We reached out to several cybersecurity experts and business owners who shared a few things to consider when shopping around for a network security service. It first depends on your own security needs. Do you need secure a handful of computers or an entire server farm? Do outside parties frequently access your servers? How many endpoints are connected to your network? Is your data mostly located on cloud platforms or on-premise?
There are several different types of security methods offered by services. Different services will emphasize different approaches to security based on their specialty and your specific needs. Below are a few common features to look for when deciding on a network security service. We decided to highlight services that offered a form of all three features or offered an exemplary version of one or more of them.
Different security risks call for different solutions, so you should find a company that conducts thorough risk assessments on your network. This can be done through several methods, one including having a security expert visit your business to get an up-close look at your system. This process can also be done remotely.
Risk assessment isn't just a one-time service, as services can continue to analyze and test your network security on a routine basis to ensure that your system remains secured. Fortunately, most services you work with will help you determine what your network really needs.
Firewall/Secure Web Gateway
One of network security's most important components is a device to filter our traffic that goes in and out of a network. Web-based attacks can come in the form of malicious applications that get downloaded accidently or automatically if a user stumbles onto an unsecure website. Malware can download in the background without the user knowing as well. That's why it's important for networks to have a gatekeeping device to detect and stop malicious data from entering a network.
Firewalls are the most common way to do this, as they are loaded with a set of rules and filters to sort out traffic that's suspect or malicious. Like antimalware, they are usually backed by a database of known threats. The most advanced firewalls come in the form of devices that you install between your endpoints and your physical connection to the internet. There are also virtual and managed firewalls that are kept off site, but still filter through your traffic before it can go to any other IP address.
Another common technology used by network security services are secure web gateways.

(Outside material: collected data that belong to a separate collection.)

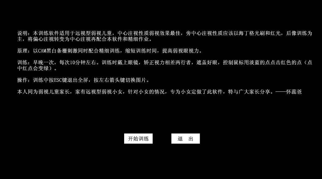 一共两款软件:弱视CAM刺激精细训练和眼博士弱视增视训练软件,每一款都有使用说明。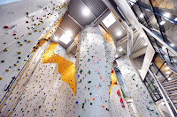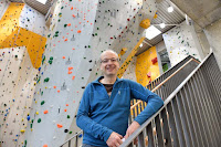 | Georg Schmitz in der neuen Kletterhalle. Foto: Schlie |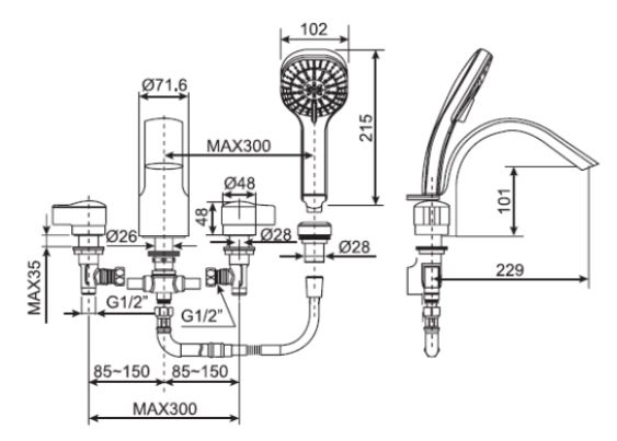 Bản vẽ vòi sen WF-6800 American xả bồn tắm nóng lạnh

Like firewalls, they analyze traffic that's going in and out of your network. These types of devices are good for filtering specific content, as well as reporting suspicious traffic patterns. The function that sorts out certain traffic is called data loss prevention (DLP), which tries to prevent sensitive data belonging to the client from leaving the network or being sent to an unauthorized source. Things like credentials can be prevented from being sent to an untrusted party if the system detects it within the content.
A subcategory of this technology specifically monitors a business's email traffic. Email is the most common attack vector for hackers, so many services offer coverage specifically for filtering business email to prevent malware-laced spam and phishing.
Detection and Response
There are many types of applications that can fall under this category, including Intrusion Detection Systems (IDS) or Intrusion Response System (IRS). Many services have applications that cover endpoints, cloud platforms or a combination of both. These types of programs do the bulk of the work identifying suspicious traffic or activity within the network and pinning it as a threat.
The best of these systems are normally backed up by a threat intelligence system that's powered by big data and machine learning, which can distinguish intruding, malicious traffic from the rest. They can take down known malware threats, but more importantly they are the key to finding unknown, zero-day attacks and advanced persistent threats. For even more advanced threats, services can deploy the expertise of their human security analysts to examine especially pervasive threats in the case of an emergency such as an imminent data breach.
Few services are a one size-fits all solution, and not all of them feature everything you may need for a comprehensive security stack. However, the services reviewed here are all quality platforms that offer state of the art cybersecurity technology and quality customer service.